Abstract Purpose Semantic segmentation plays a pivotal role in many applications related to medical image and video analysis. However, designing a neural network architecture for medical image and surgical video segmentation is challenging due to the diverse features of relevant classes, including heterogeneity, deformability, transparency, blunt boundaries, and various distortions. We propose a network architecture, DeepPyramid+, which addresses diverse challenges encountered in medical image and surgical video segmentation. Methods The proposed DeepPyramid+ incorporates two major modules, namely “Pyramid View Fusion” (PVF) and “Deformable Pyramid Reception” (DPR), to address the outlined challenges. PVF replicates a deduction process within the neural network, aligning with the human visual system, thereby enhancing the representation of relative information at each pixel position. Complementarily, DPR introduces shape- and scale-adaptive feature extraction techniques using dilated deformable convolutions, enhancing accuracy and robustness in handling heterogeneous classes and deformable shapes. Results Extensive experiments conducted on diverse datasets, including endometriosis videos, MRI images, OCT scans, and cataract and laparoscopy videos, demonstrate the effectiveness of DeepPyramid+ in handling various challenges such as shape and scale variation, reflection, and blur degradation. DeepPyramid+ demonstrates significant improvements in segmentation performance, achieving up to a 3.65% increase in Dice coefficient for intra-domain segmentation and up to a 17% increase in Dice coefficient for cross-domain segmentation. Conclusions DeepPyramid+ consistently outperforms state-of-the-art networks across diverse modalities considering different backbone networks, showcasing its versatility. Accordingly, DeepPyramid+ emerges as a robust and effective solution, successfully overcoming the intricate challenges associated with relevant content segmentation in medical images and surgical videos.

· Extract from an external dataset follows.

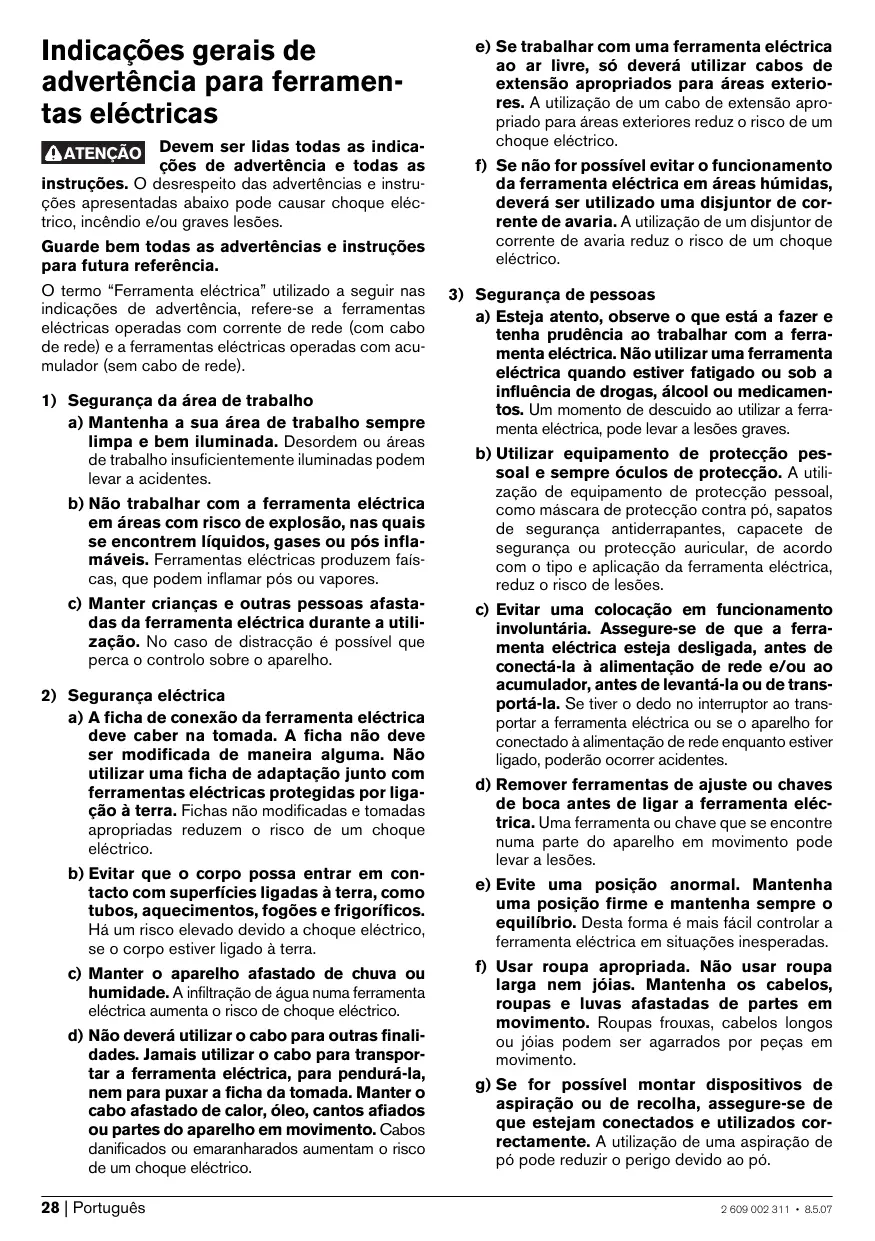 a) Esteja atento, observe o que está a fazer e tenha prudência ao trabalhar com a ferramenta eléctrica. Não utilizar uma ferramenta eléctrica quando estiver fatigado ou sob a influência de drogas, álcool ou medicamentos. Um momento de descuido ao utilizar a ferramenta eléctrica, pode levar a lesões graves. b) Utilizar equipamento de protecção pessoal e sempre óculos de protecção. A utilização de equipamento de protecção pessoal, como máscara de protecção contra pó, sapatos de segurança antiderrapantes, capacete de segurança ou protecção auricular, de acordo com o tipo e aplicação da ferramenta eléctrica, reduz o risco de lesões. c) Evitar uma colocação em funcionamento involuntária. Assegure-se de que a ferramenta eléctrica esteja desligada, antes de conectá-la à alimentação de rede e/ou ao acumulador, antes de levantá-la ou de transportá-la. Se tiver o dedo no interruptor ao transportar a ferramenta eléctrica ou se o aparelho for conectado à alimentação de rede enquanto estiver ligado, poderão ocorrer acidentes. d) Remover ferramentas de ajuste ou chaves de boca antes de ligar a ferramenta eléctrica. Uma ferramenta ou chave que se encontre numa parte do aparelho em movimento pode levar a lesões. e) Evite uma posição anormal. Mantenha uma posição firme e mantenha sempre o equilíbrio. Desta forma é mais fácil controlar a ferramenta eléctrica em situações inesperadas. f) Usar roupa apropriada. Não usar roupa larga nem jóias. Mantenha os cabelos, roupas e luvas afastadas de partes em movimento. Roupas frouxas, cabelos longos ou jóias podem ser agarrados por peças em movimento. g) Se for possível montar dispositivos de aspiração ou de recolha, assegure-se de que estejam conectados e utilizados correctamente. A utilização de uma aspiração de pó pode reduzir o perigo devido ao pó. 2 609 002 311 • 8.5.07

Its consistent performance and adaptability indicate its potential to enhance precision in computerized medical image and surgical video analysis applications.

Schlagworte: Semantic Segmentation, Medical Images, Surgical Videos, Neural Networks, Deformable Convolutions, Dilated Convolutions, Pyramid View Fusion, Deformable Pyramid Reception
Publikationstyp: Beitrag in Zeitschrift (Autorenschaft)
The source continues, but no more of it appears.